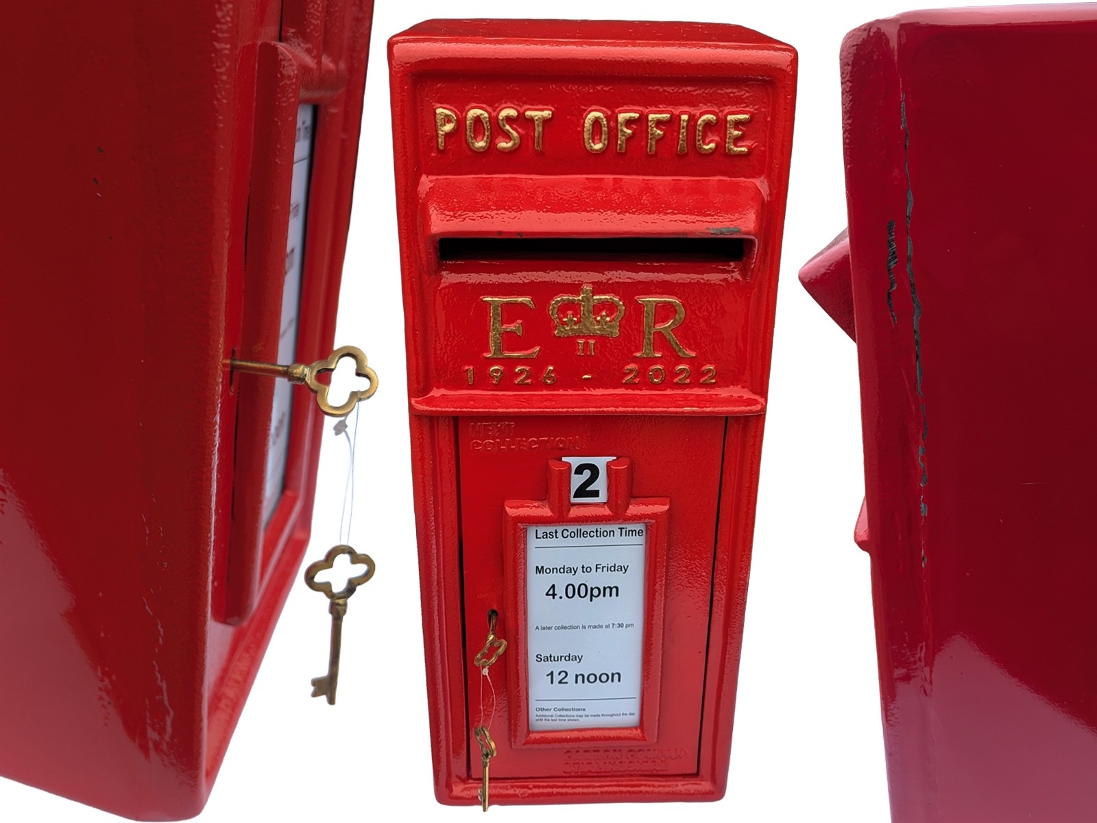 Post boxes are cast-iron front and steel back - with 2 keys.
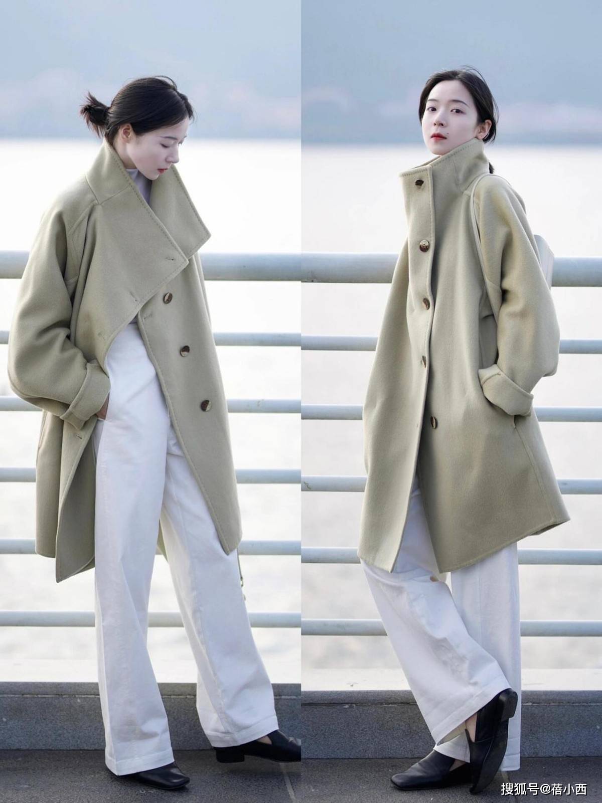 在一众基础色中,豆绿色大衣堪称今年秋冬的“黑马”,它打破了秋冬穿搭的沉闷感,以清新淡雅的色调成为街头一道亮丽的风景线。豆绿色介于绿色与灰色之间,饱和度适中,既不会过于张扬,又能在基础色中脱颖而出,自带温柔治愈的气质。
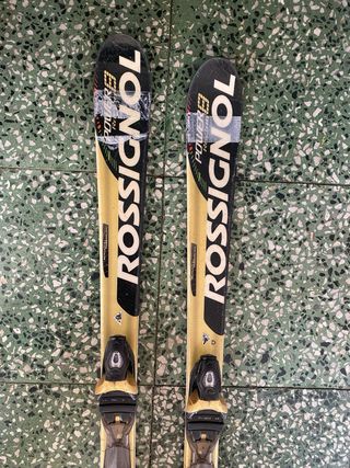 Esquís Rossignol Power B. Necesitan un repaso. Las marcas blancas son de cinta de pegamento. - Marca: Rossignol - Modelo: Power B - Diseñados para esquiadores jóvenes.

What is expected. Please print the data above in its entirety, exactly, but without any picture.

The completed task.
 Post boxes are cast-iron front and steel back - with 2 keys.
 在一众基础色中,豆绿色大衣堪称今年秋冬的“黑马”,它打破了秋冬穿搭的沉闷感,以清新淡雅的色调成为街头一道亮丽的风景线。豆绿色介于绿色与灰色之间,饱和度适中,既不会过于张扬,又能在基础色中脱颖而出,自带温柔治愈的气质。
 Esquís Rossignol Power B. Necesitan un repaso. Las marcas blancas son de cinta de pegamento. - Marca: Rossignol - Modelo: Power B - Diseñados para esquiadores jóvenes.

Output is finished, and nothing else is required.